Oct 16, 2017, 9:16:56 AM10/16/17

to gce-discussion

Using browser SSH or terminal, I can't connect anymore to my instance.

Output from gcloud compute instances get-serial-port-output

[3144931.651399] Out of memory: Kill process 30949 (php.bin) score 19 or sacrifice child
[3144931.659366] Killed process 30949 (php.bin) total-vm:264728kB, anon-rss:8356kB, file-rss:25972kB
[3145082.039628] INFO: task kswapd0:26 blocked for more than 120 seconds.
[3145082.046316]       Not tainted 3.16.0-4-amd64 #1
[3145082.051125] "echo 0 > /proc/sys/kernel/hung_task_timeout_secs" disables this message.
[3145082.059233] kswapd0         D ffff880069a1e628     0    26      2 0x00000000
[3145082.066794]  ffff880069a1e1d0 0000000000000046 0000000000012f40 ffff88006648ffd8
[3145082.198983]  0000000000012f40 ffff880069a1e1d0 ffff88006656e000 000000000013bde1
[3145082.207114]  ffff88006656e088 ffff88006656e024 ffff88006648fba0 ffff88006656e0a0
[3145082.215248] Call Trace:
[3145082.217994]  [<ffffffffa00ca7d5>] ? jbd2_log_wait_commit+0x95/0x100 [jbd2]
[3145082.225152]  [<ffffffff810a9610>] ? prepare_to_wait_event+0xf0/0xf0
[3145082.231725]  [<ffffffffa00f7c0a>] ? ext4_evict_inode+0x2ea/0x4e0 [ext4]
[3145082.238624]  [<ffffffff811c4efc>] ? evict+0xac/0x170
[3145082.243870]  [<ffffffff811c4ff9>] ? dispose_list+0x39/0x50
[3145082.249725]  [<ffffffff811c5e34>] ? prune_icache_sb+0x44/0x50
[3145082.255756]  [<ffffffff811ae2bf>] ? super_cache_scan+0xff/0x170
[3145082.261958]  [<ffffffff8114f9f7>] ? shrink_slab_node+0x137/0x2f0
[3145082.268374]  [<ffffffff811513d2>] ? shrink_slab+0x82/0x150
[3145082.274141]  [<ffffffff81154c6e>] ? balance_pgdat+0x3be/0x5c0
[3145082.280176]  [<ffffffff81154fcc>] ? kswapd+0x15c/0x460
[3145082.285598]  [<ffffffff810a9610>] ? prepare_to_wait_event+0xf0/0xf0
[3145082.292143]  [<ffffffff81154e70>] ? balance_pgdat+0x5c0/0x5c0
[3145082.298175]  [<ffffffff8108954d>] ? kthread+0xbd/0xe0
[3145082.303509]  [<ffffffff81089490>] ? kthread_create_on_node+0x180/0x180
[3145082.310326]  [<ffffffff8151a3d8>] ? ret_from_fork+0x58/0x90
[3145082.316182]  [<ffffffff81089490>] ? kthread_create_on_node+0x180/0x180
[3145082.446916] INFO: task jbd2/sda1-8:96 blocked for more than 120 seconds.
[3145082.453904]       Not tainted 3.16.0-4-amd64 #1
[3145082.458712] "echo 0 > /proc/sys/kernel/hung_task_timeout_secs" disables this message.
[3145082.466820] jbd2/sda1-8     D ffff8800666084a8     0    96      2 0x00000000
[3145082.474376]  ffff880066608050 0000000000000046 0000000000012f40 ffff8800368b7fd8
[3145082.482499]  0000000000012f40 ffff880066608050 ffff8800368b7dc8 ffff8800368b7e60
[3145082.490632]  ffff88006656e0b8 ffff880066608050 ffff880068d0c900 ffff8800368b7db

If I use the browser SSH, it get stuck forever in the message

Establishing connection to SSH server...

For some unknown reason, the CPU utilization is on 100% for over an hour.

Can anyone help me here?

Digil (Google Cloud Platform Support)

unread,

Oct 16, 2017, 4:44:27 PM10/16/17

to gce-discussion

Have you tried accessing the VM using the serial console? There is this help center article which will guide you to use the serial console [1].

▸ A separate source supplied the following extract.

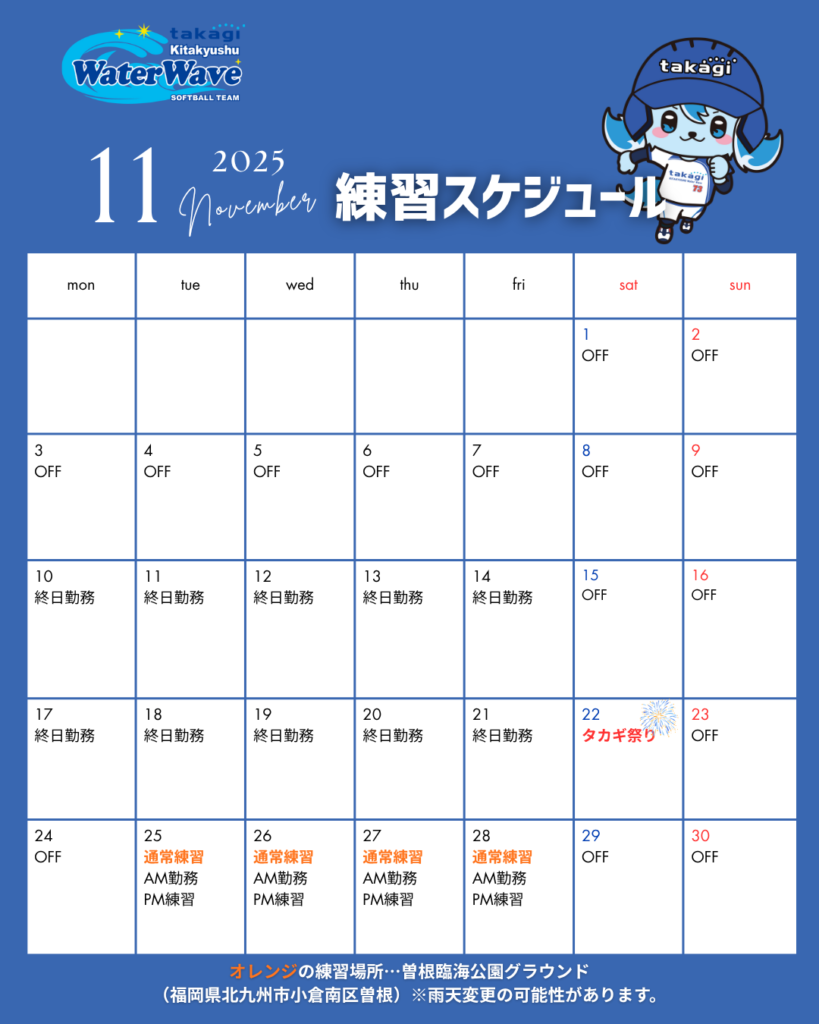 通常練習は曽根臨海公園グラウンド(福岡県北九州市小倉南区曽根)にて行っています。一般の方も見学可能です。
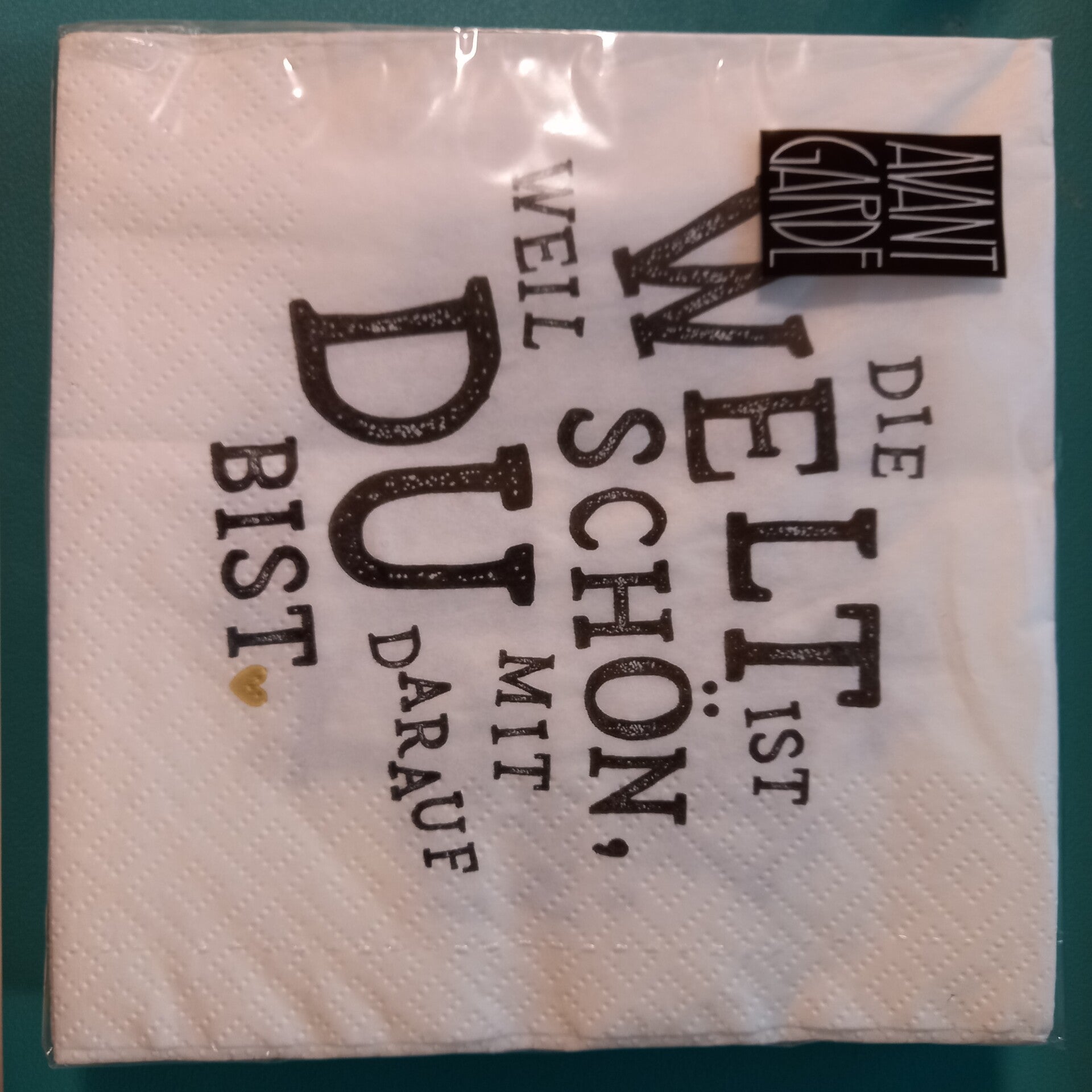 Diese quadratischen Papierservietten in den Maßen 33 x 33 cm, gestaltet mit einem ansprechenden Schwarz-Weiß-Schriftzug, verleihen Ihrem Tisch eine persönliche und moderne Note.

If you are able to login to the instance through serial console, you can check for the errors from there or make the appropriate configuration changes.

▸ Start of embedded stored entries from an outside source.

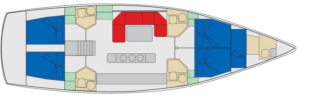Segelyacht D&D Kufner 54 Six on the Sea, Baujahr 2025, liegt im Salerno, Campania, Italien vor Anker. Es verfügt über 4 + 1 Kabinen und bietet Platz für 8 + 1 + 1 Personen mit 4 + 1 Toiletten.
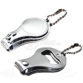 Cortador de unhas chaveiro de metal 3 em 1: abridor, cortador e lixa. Parte central circular ideal para gravações, detalhe de traços no contorno circular. Lado frontal com detalhes em relevo nas laterais e pequeno círculo acima do abridor. Para utilizar o cortador basta rotacionar a peça circular e levantá-la. Acompanha correntinha.
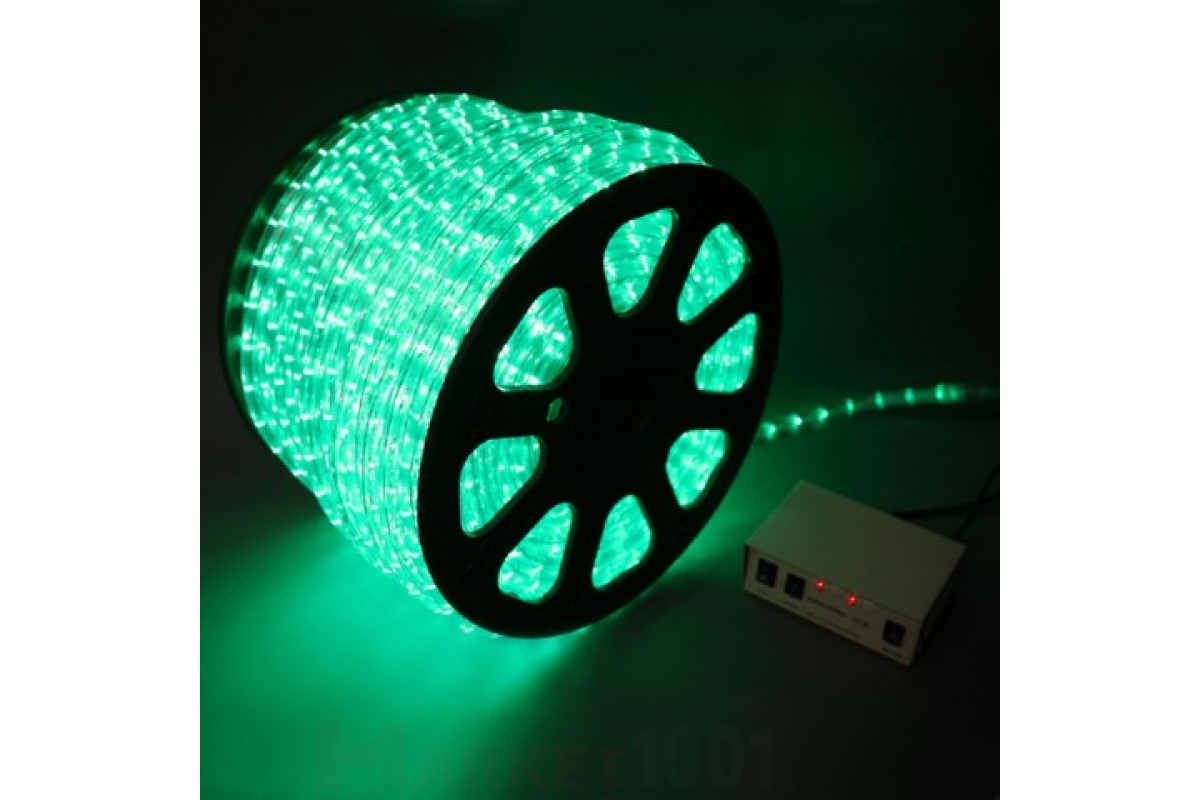 Чейзинг (5 контроллеров в комплекте), цвет светодиодов — зеленый, 3-х проводной, диаметр 13 мм., свечение 360°, кратность реза 2 м., 4,8 Вт/м. 36 светодиодов на метр.
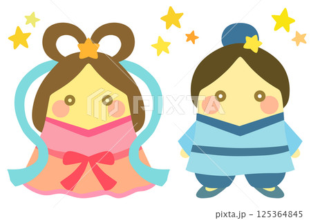 かわいい織姫と彦星のイラストセット 七夕 ベクター素材
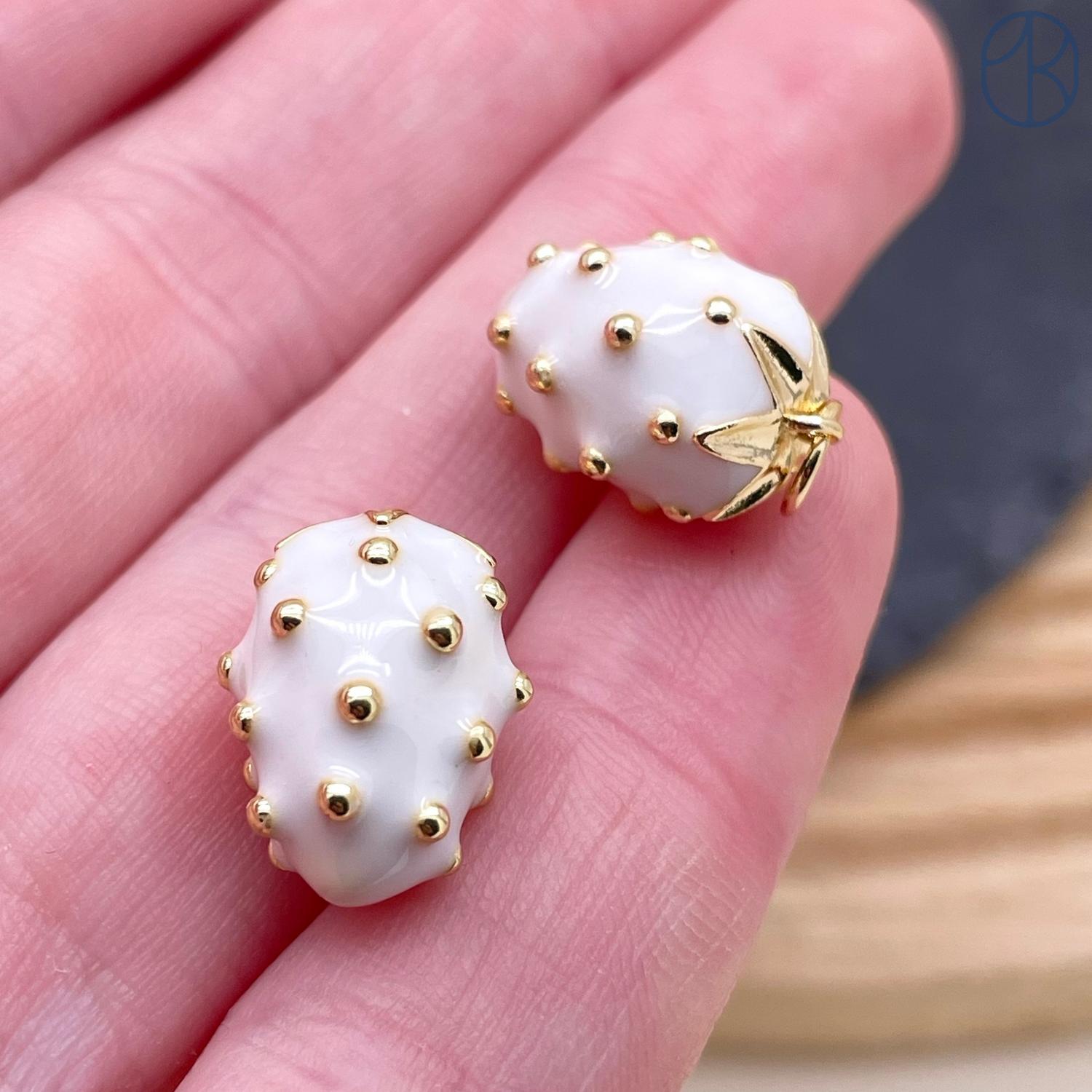Подвеска клубника белая, цвет серебро 17х12 мм
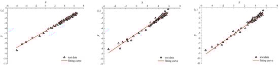 Data distribution curve of (x, y) of Na2SO4 at different concentrations: (a) α = 0.02 mol·L−1; (b) α = 0.06 mol·L−1; (c) α = 0.10 mol·L−1.
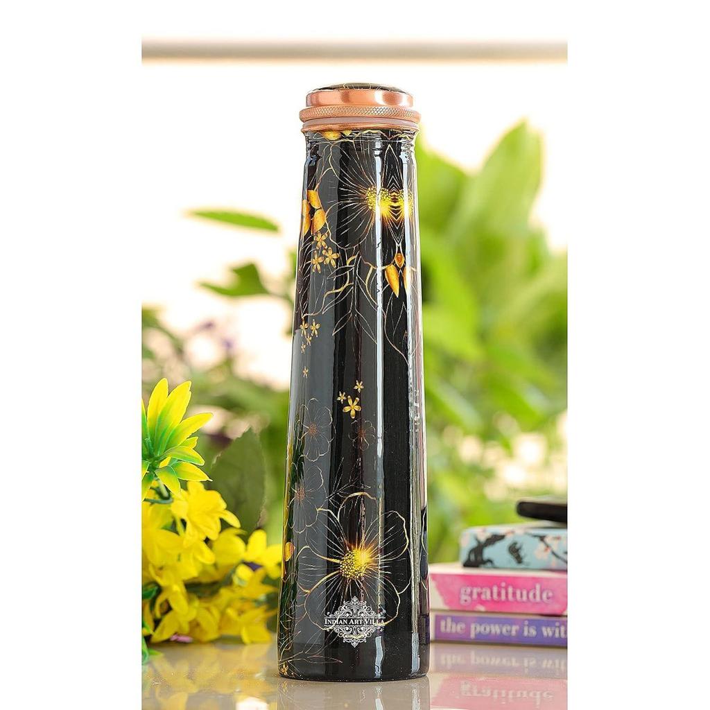 Copper Tube Slim Bottle In Black Floral Print, Volume - 750 ML, Pack of 1

[1] https://cloud.google.com/compute/docs/instances/interacting-with-serial-console

Gerrit DeWitt

unread,

Oct 17, 2017, 2:56:24 PM10/17/17

to gce-discussion

Hello Alex,

In this case, it appears that your instance has run out of memory (RAM), and the operating system has sacrificed processes [1] in order to keep the operating system running.

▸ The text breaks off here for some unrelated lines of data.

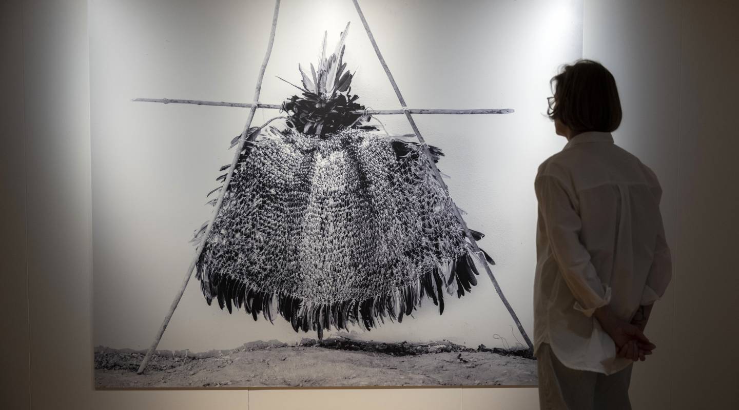 Sharing Gertz’s interest in dress as a marker of identity, Lívia Melzi’s prints focus on a collection of cloaks belonging to the Tupinambá tribe which were used in anthropophagic rituals and were removed from Brazil during the first centuries of the country’s colonisation. Blending sociological and artistic research, Melzi studies the reception of these sacred garments in Europe and their presentation in Western museums. Indeed, the way these institutions choose to display the cloaks says as much about their own belief system as it does about the objects themselves. Melzi’s photographs show the disembodied garments on display in various settings, underlining the importance of context in the meaning-making process.
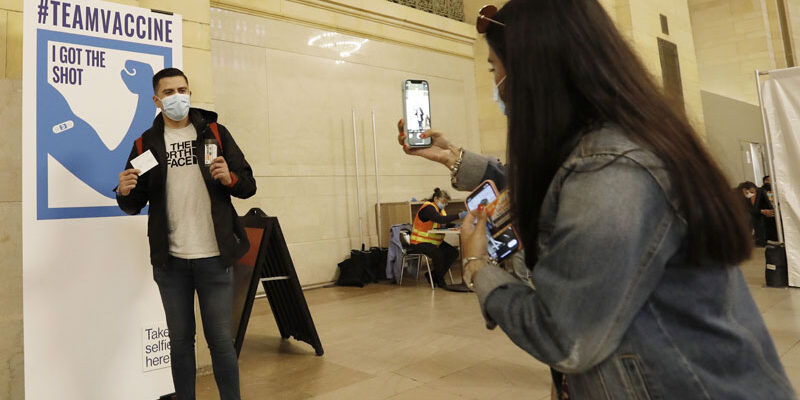 DOBLE LLAVE – Cientos de personas en la histórica estación de Grand Central, en el centro de Nueva York, van sumándose a una fila que culmina con una vacuna gratuita contra el Covid-19, entre ellos muchos turistas latinoamericanos que han acudido en un viaje exprés a ponérsela.
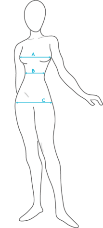 Cadera (C): Coloque la cinta métrica horizontalmente sobre la parte más sobresaliente de su cadera.
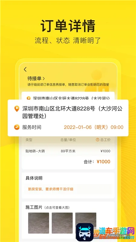 在工作生活中,很多人都想知道是“工到自然成”还是“功到自然成”。其实有一款软件能很好地帮到大家,那就是工到app。它是一款专为用户提供线上即时用工的服务平台软件。这里工种丰富,涵盖水电工、电焊工、泥瓦工、木工等,能满足不同用户的用工需求。业主社区物业可以通过它快捷发单,选择所需工种,极速响应订单,还能便捷实现订单记录。工友师傅能快速接单,智能匹配合适订单,轻松完成服务并结算收入。而且工到免费版支持选购家居建材好物、实用五金配件和生活日用等。软件展示清晰明了的订单流程状态,提供完善售后保障,支持极速提现。有了它,无论是找工人干活,还是购买相关物品,都方便快捷,能帮你轻松解决不少实际问题,赶紧来本站下载使用吧!
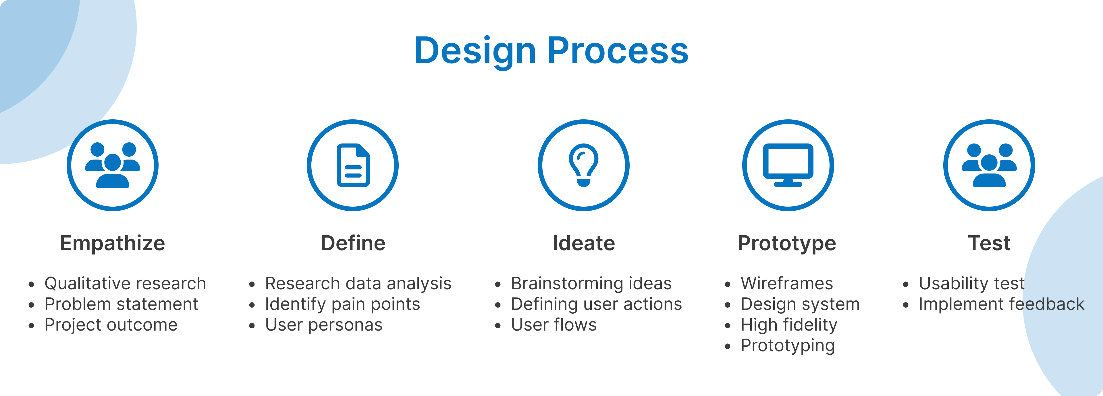 In this project, I applied the design thinking process—a user-centered approach that prioritizes empathy, iteration, and collaboration. This methodology fosters creative problem-solving through prototyping and testing, encouraging cross-disciplinary teamwork. It relies on extensive research to derive actionable insights, promoting adaptability and continuous learning. By reframing challenges and prioritizing user needs, design thinking aims to deliver innovative and user-centric solutions across diverse contexts and industries.
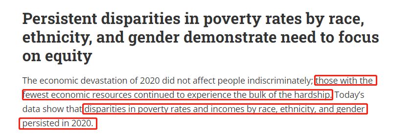 美国进步中心(Center for American Progress)网站的分析认为,疫情对不同收入群体的影响各异,拥有经济资源最少的群体遇到的困难最大。与此同时,由种族、民族和性别等造成的不同族群的贫困率差异持续存在。

These log entries indicate you're in a situation where your instance is out of memory:

[3144931.651399] Out of memory: Kill process 30949 (php.bin) score 19 or sacrifice child

[3144931.659366] Killed process 30949 (php.bin) total-vm:264728kB, anon-rss:8356kB, file-rss:25972kB

Most likely, the sshd process itself (or some critical system on which is depends) has already been killed, which is why you're unable to connect via SSH. To fix this problem, stop your instance, then edit it. Increase the amount of RAM available [2], and start the instance again [3].

--Gerrit

Cloud TSE, Seattle

References:

1: https://linux-mm.org/OOM

2: https://cloud.google.com/compute/docs/instances/changing-machine-type-of-stopped-instance#changing_a_machine_type

3: https://cloud.google.com/compute/docs/instances/changing-machine-type-of-stopped-instance#billing_implications

RED GAMER

unread,

Nov 25, 2019, 9:16:26 AM11/25/19

to gce-discussion

It seems I have the same issue.

How you got these logs.

I can access wordpress bitnami or even SSH on the instance.

Thank you.

On Monday, October 16, 2017 at 9:16:56 AM UTC-4, Alex Keiti Nosse wrote:

Jason

unread,

Nov 25, 2019, 4:12:40 PM11/25/19

to gce-discussion

Hi,

The logs that are shown are coming from the serial console port. You can check these logs by following the steps mentioned in the attached article [1]. Keep in mind that the VM instance needs to be running to check these logs.

[1] https://cloud.google.com/compute/docs/instances/interacting-with-serial-console#connectserialconsole

Kirill Katsnelson

unread,

Nov 27, 2019, 6:23:31 PM11/27/19

to gce-discussion

This is an old thread, but you are soooo OOM that kernel tries to save itself by randomly (well, not really randomly at all) shooting down processes. sshd daemon is not the first in line to be killed, but the VM is extremely overloaded that sshd, not being used in a while, may have been swapped out and the kernel is simply unable to swap it in back into RAM (the "kswapd0:26 blocked for more than 120 seconds" is a terminal diagnosis, pretty much).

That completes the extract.